== Segment start ==

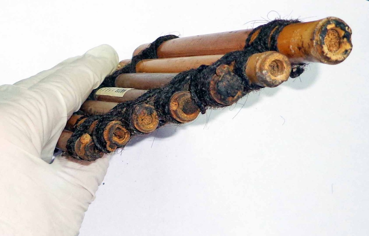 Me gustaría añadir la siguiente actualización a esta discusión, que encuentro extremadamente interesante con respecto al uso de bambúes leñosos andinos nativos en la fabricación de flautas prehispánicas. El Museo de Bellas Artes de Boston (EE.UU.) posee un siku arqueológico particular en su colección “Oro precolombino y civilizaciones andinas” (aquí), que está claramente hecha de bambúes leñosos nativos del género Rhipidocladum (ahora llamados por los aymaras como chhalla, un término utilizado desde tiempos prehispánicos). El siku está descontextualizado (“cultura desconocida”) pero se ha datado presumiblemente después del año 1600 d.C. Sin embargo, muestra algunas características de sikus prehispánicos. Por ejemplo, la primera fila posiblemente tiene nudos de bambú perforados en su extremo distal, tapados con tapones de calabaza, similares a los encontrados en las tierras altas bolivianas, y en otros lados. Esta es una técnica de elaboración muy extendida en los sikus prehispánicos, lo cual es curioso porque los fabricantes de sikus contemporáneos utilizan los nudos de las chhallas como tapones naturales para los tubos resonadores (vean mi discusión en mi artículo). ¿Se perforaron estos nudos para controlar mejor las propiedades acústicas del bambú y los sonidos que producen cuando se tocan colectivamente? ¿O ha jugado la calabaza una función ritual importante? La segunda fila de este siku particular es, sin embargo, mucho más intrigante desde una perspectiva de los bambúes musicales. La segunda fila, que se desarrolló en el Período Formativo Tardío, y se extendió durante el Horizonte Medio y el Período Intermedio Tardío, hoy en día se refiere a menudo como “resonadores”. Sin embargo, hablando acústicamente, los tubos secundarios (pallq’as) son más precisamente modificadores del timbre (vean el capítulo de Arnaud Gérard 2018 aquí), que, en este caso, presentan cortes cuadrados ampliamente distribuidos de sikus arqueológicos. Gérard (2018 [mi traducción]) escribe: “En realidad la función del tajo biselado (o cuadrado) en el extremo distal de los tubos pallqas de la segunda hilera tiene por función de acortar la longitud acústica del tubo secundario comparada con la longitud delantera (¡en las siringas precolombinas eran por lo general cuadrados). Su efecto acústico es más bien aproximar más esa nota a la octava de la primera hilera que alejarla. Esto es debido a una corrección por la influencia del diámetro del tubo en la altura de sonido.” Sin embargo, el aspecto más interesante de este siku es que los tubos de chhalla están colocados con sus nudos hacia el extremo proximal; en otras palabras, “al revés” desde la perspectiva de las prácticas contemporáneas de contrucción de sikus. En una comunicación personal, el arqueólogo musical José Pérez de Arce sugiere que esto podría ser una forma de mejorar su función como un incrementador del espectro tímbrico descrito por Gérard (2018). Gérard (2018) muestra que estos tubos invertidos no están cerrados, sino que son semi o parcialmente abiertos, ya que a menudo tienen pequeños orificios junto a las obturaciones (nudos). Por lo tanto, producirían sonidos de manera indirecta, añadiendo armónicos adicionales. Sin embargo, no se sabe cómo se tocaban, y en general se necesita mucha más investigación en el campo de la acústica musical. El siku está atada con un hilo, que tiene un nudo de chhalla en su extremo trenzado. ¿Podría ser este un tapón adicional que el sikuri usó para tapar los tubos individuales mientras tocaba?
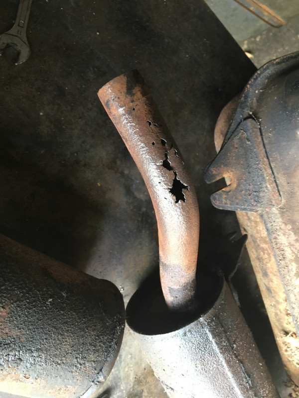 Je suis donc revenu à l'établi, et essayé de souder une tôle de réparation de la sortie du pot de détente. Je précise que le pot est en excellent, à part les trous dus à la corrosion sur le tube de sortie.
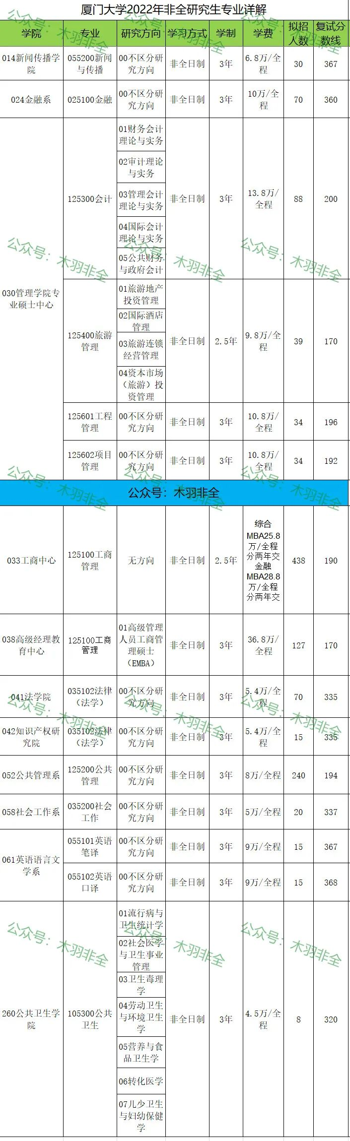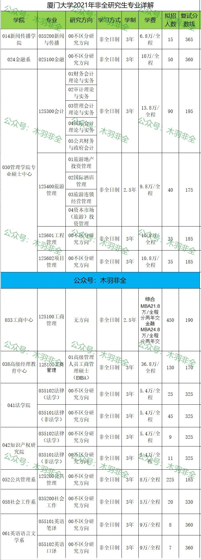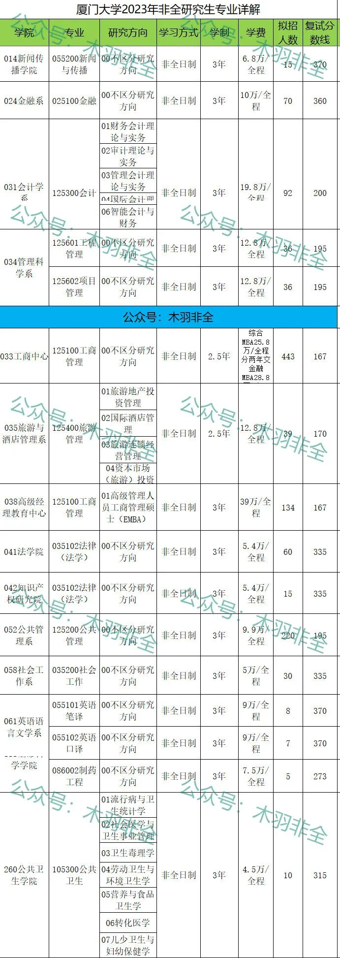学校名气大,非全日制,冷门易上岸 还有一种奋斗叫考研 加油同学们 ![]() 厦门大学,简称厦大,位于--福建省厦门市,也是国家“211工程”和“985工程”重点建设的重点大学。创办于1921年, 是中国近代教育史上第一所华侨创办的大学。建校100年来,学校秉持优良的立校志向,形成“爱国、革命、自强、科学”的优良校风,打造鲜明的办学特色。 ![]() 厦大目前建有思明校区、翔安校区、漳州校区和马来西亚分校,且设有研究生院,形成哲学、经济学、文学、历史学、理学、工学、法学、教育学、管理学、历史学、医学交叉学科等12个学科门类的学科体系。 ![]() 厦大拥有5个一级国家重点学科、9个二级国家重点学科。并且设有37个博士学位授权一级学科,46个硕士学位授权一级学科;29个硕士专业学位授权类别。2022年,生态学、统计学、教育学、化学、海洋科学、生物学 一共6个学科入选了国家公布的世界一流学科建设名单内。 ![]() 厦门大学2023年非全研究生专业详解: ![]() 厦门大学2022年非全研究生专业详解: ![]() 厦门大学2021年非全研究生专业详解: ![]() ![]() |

== Segment end ==
== Segment start ==

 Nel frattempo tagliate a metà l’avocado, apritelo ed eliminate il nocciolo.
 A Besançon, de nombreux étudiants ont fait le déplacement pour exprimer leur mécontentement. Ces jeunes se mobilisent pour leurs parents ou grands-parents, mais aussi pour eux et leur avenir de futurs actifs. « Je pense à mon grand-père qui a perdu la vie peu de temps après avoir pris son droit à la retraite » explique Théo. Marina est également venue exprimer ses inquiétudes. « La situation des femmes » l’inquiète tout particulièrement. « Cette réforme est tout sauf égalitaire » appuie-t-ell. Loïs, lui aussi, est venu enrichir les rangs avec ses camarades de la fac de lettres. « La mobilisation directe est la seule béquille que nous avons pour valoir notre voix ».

== Segment end ==

■ **Brief**
Range to copy from the records above: the line containing "Je suis donc" to the line containing "学校名气大,非全日制,冷门易上岸 还有一种奋斗叫考研 加油同学们", both included. Output those lines exactly and only those, skipping pictures.

■ **Reply**
 Je suis donc revenu à l'établi, et essayé de souder une tôle de réparation de la sortie du pot de détente. Je précise que le pot est en excellent, à part les trous dus à la corrosion sur le tube de sortie.
学校名气大,非全日制,冷门易上岸 还有一种奋斗叫考研 加油同学们 ![]() 厦门大学,简称厦大,位于--福建省厦门市,也是国家“211工程”和“985工程”重点建设的重点大学。创办于1921年, 是中国近代教育史上第一所华侨创办的大学。建校100年来,学校秉持优良的立校志向,形成“爱国、革命、自强、科学”的优良校风,打造鲜明的办学特色。 ![]() 厦大目前建有思明校区、翔安校区、漳州校区和马来西亚分校,且设有研究生院,形成哲学、经济学、文学、历史学、理学、工学、法学、教育学、管理学、历史学、医学交叉学科等12个学科门类的学科体系。 ![]() 厦大拥有5个一级国家重点学科、9个二级国家重点学科。并且设有37个博士学位授权一级学科,46个硕士学位授权一级学科;29个硕士专业学位授权类别。2022年,生态学、统计学、教育学、化学、海洋科学、生物学 一共6个学科入选了国家公布的世界一流学科建设名单内。 ![]() 厦门大学2023年非全研究生专业详解: ![]() 厦门大学2022年非全研究生专业详解: ![]() 厦门大学2021年非全研究生专业详解: ![]() ![]() |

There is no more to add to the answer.